Текст книги "Колокольные дворяне"
Автор книги: Светлана Храмова
Жанр:
Исторические детективы
сообщить о нарушении
Текущая страница: 4 (всего у книги 5 страниц)
– Какие там краски. Серые и черные, мне кошмар однажды приснился, но я тогда слишком рано туда вошел, за восемь часов сна еще и не такое приснится. На два-три часа легко – в любом месте спокойно, будто проваливаешься в сон. Но я что хотел сказать: здесь город особый. История у нас такая. Не только Царь и Семья и не случайно Царь и Семья. Сейчас изменилось многое, но целых три с половиной века это был город-ссылка. Город – начало испытаний. Ссыльные здесь и оставались… или возвращались обратно и продолжалась прежняя жизнь. Но разве прежняя? – посмотрел он на меня особенным взглядом, в нем отчаяние и торжество. – Здесь божественная кузница, несуразное вперемежку с роковым, но и рок какой-то несуразный, непредсказуемый. Особая зона. Не скажу, что аномальная, но здесь история России иначе видится. Меншиков отвластвовался, душу отвел – и выброшен в 1728 году, не без активного участия князя Долгорукова, в нашу губернию. В Березово с семьей. В нищету и бедствия, за год сгорел.
И дочь его скончалась, красавица Мария, без вины виноватая, пострадавшая из-за алчного отца. И что? Через два года уже Долгорукие едут в Березово, а дети Меншикова возвращаются домой, имения отца пожалованы высочайшим указом, владейте и продолжайте фамильную историю. B пути, как гласит легенда, сани пересеклись, Меншиковы с Долгорукими встретились. Тот, кто интриговал, сам едет к нам в гости, а потомки загубленного милостиво прощены. Логика есть? Нету. Мне вот интересно – они раскланивались друг с другом при встрече «туда и оттуда»?
И поговорка наша любимая – «дальше Сибири не сошлют». Да…
На Тюремный замок мы снаружи посмотрели, Владимир уже увлекал меня обратно к Кремлю. Триста шагов – от тюрьмы до Кремля. Рукой подать, как говорится. Гостиницы в самом Кремле, гостиницы в Тюремном замке. Приют для богомольцев, Торговый ряд, Софийский собор, во время служб голос проповедника разносится по всей округе, а службы ежедневные, дважды в день, в десять часов утра и в пять пополудни. Прихожане поклоны бьют.
Смешать, но не взбалтывать.
– А кто заложил наш каменный Кремль, знаете? Матвей Гагарин, его сюда губернаторствовать сослали. Сибирь по-разному на людей влияет. Медвежий угол бескрайний, ощущение недосягаемости для начальства, чувство полной свободы. Иллюзия поддерживалась, но черту дозволенного не переступать. Растраты и хищения прощали, но захотел губернатор Матвей царем всея Сибири стать – и Петр не простил.
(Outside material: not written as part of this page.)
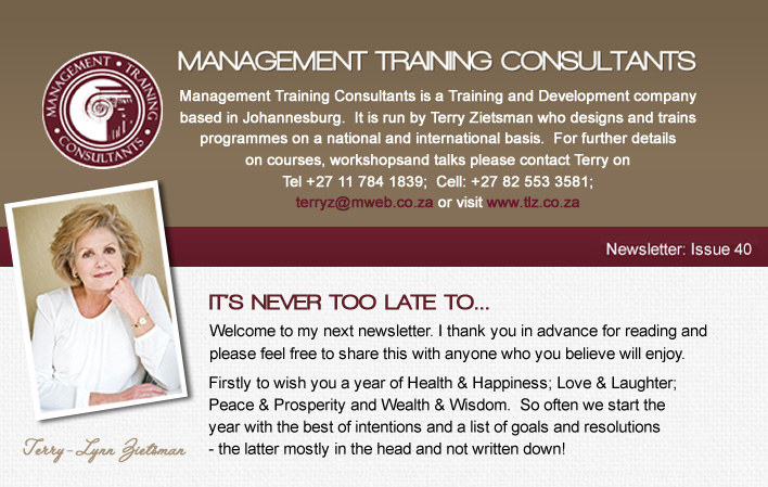 To read past newsletters or see what training programs are available, visit www.tlz.co.za

Теперь неизвестно, действительно ли он собрался Сибирское государство основать, правда это или наговор, интриги клеветников? Кто знает?..
Вот послушайте, это история о постройке. Казалось бы, величественный Кремль заложён, имя человека, который это сделал, овеяно почетом. Не тут-то было! В Сибири всякий человек «из центра» – сосланный или наказанный. Или царь.
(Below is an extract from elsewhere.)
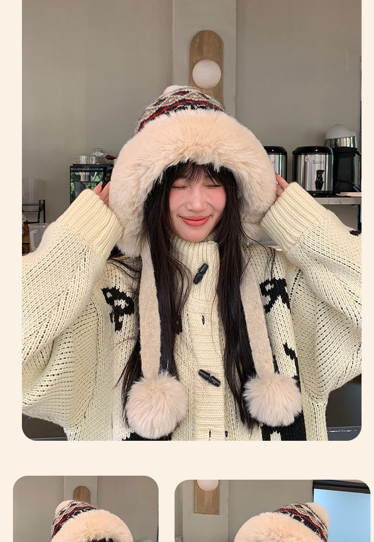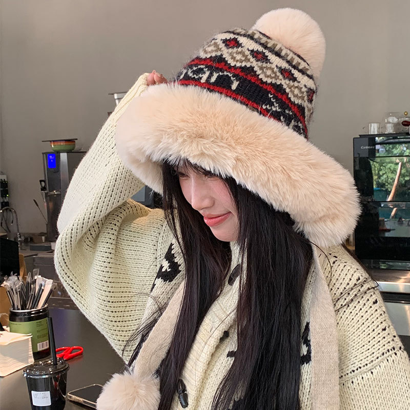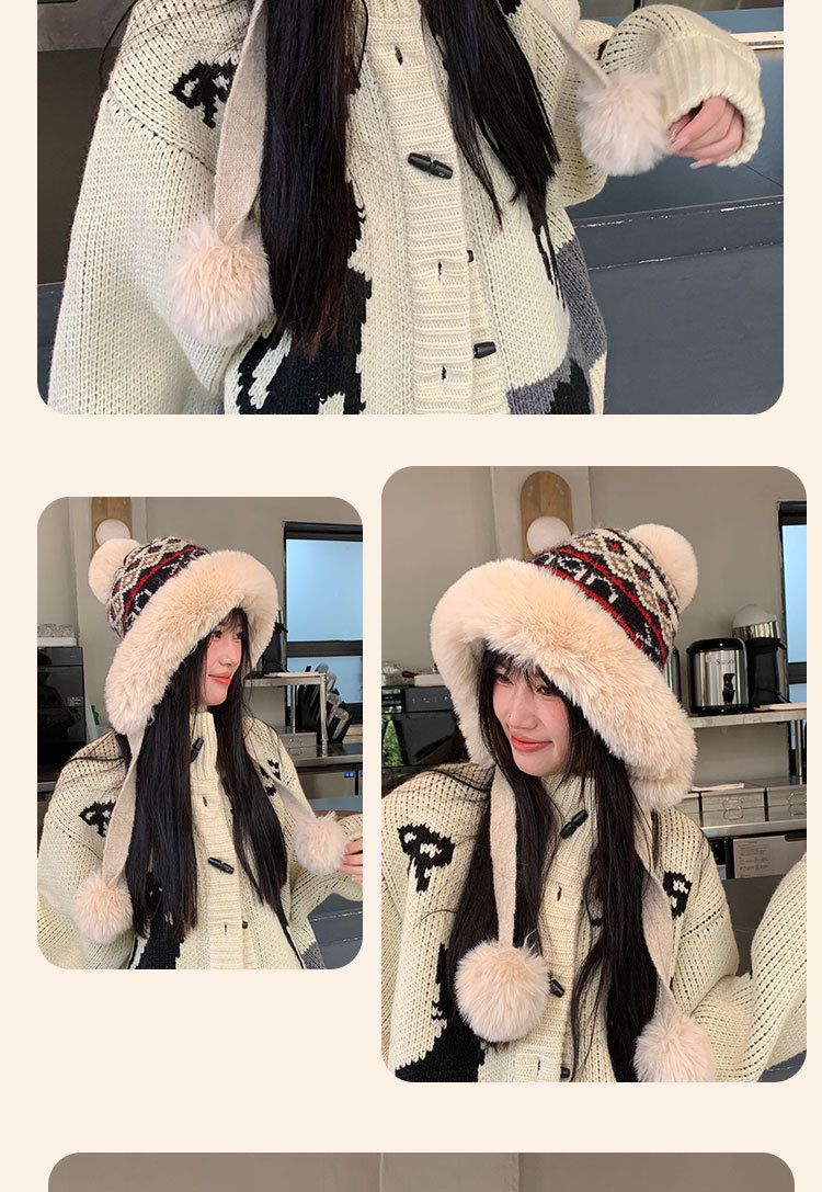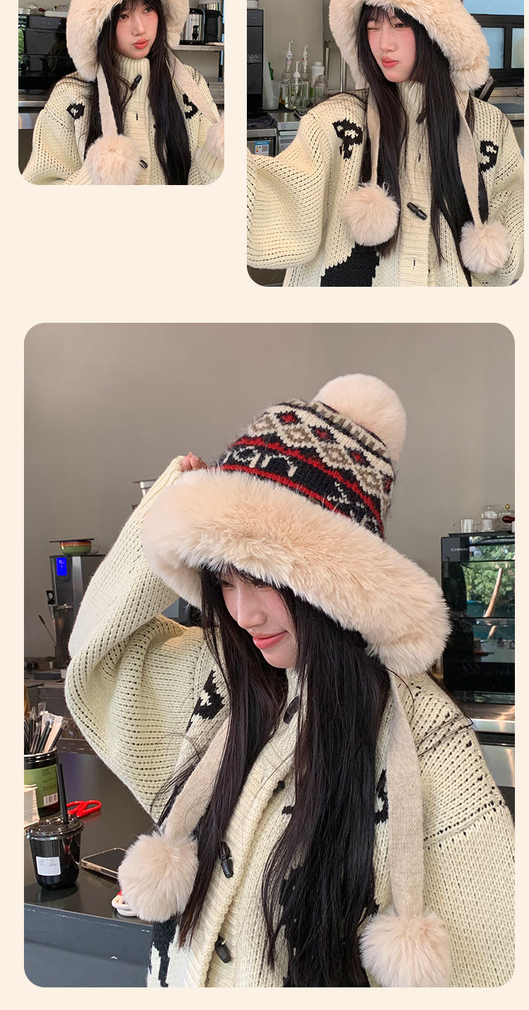 새로운 양모 모자 가을과 겨울 여성의 두꺼운 귀 보호 니트 모자 따뜻한 모든 경기 얼굴-작은 승마 방한 레이 펑 모자스토어 가기

Гагарин решил стать царем, отделить Россию от Сибири, и поддержка у него была, смешная поддержка, Петр разбил бы ее в момент, но была.
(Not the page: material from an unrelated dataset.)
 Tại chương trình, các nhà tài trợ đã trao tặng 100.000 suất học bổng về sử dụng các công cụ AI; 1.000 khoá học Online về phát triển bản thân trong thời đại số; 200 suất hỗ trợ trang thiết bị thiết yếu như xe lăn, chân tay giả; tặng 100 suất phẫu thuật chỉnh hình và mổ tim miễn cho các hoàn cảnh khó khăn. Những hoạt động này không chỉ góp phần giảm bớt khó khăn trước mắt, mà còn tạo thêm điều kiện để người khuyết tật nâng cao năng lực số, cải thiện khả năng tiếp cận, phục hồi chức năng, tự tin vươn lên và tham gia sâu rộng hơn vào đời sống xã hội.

Губернатор сибирский князь Матвей Гагарин. В Тобольск приехал в 1711 году, а в 1714-м Петру Первому донесли, что губернатор крадет. Ревизия обнаружила то ли 300 тысяч, то ли три миллиона рублей недоимок. Но разгневало Петра вовсе не это. Заподозрили в сепаратизме – и голова с плеч! Гагарин якобы захотел сделать Тобольск столицей Царства Сибирского. Не бывать этому!
Строителя Тобольского кремля в 1721 году повесили в Петербурге под окнами Юстиц-коллегии, где ветер его потом семь месяцев раскачивал. Вороны глаза клевали, труп на глазах у родственников и всего честнóго люда разлагался самым непривлекательным образом.
После – целых три года тело сибирского губернатора не предавали земле. Чтоб впредь никому неповадно было, Сибирь – дело серьезное: кто дурное замыслит, тому несдобровать. У нас нет возможности восстановить ход мыслей губернатора, но представить себе реальный масштаб недоимок вполне осуществимо – это 3,7 % бюджета тогдашней России. Эти 3,7 % сегодня – 13 млрд долларов. Понятно, что ни у кого тогда не было и доли сомнения, – писал князь Василий Долгоруков, руководивший Следственной комиссией, – «что Гагарин совершил множество злоупотреблений». Во всяком случае, дознаватели без труда высчитали, что князь Матвей из собранных налогов и податей себе оставлял не меньше, чем сдавал казне.
«Проведал я в подлиннике, – доносил царю обер-фискал Алексей Нестеров, – что князь Гагарин свои и других частных людей товары пропускает в Китай под видом государевых с особенными, от него назначенными купчинами, отчего как сам, так и эти его приятели получают себе превеликое богатство, а других никого к китайскому торгу не допускают».
На пытках Матвей Гагарин вел себя мужественно, ничего не сказал. Донес на него, кстати говоря, его собственный сын.
А деньги? Деньги вовремя переместились в Англию. Сокровища Гагарина до сих пор пытаются из-за границы вернуть. Уплыли.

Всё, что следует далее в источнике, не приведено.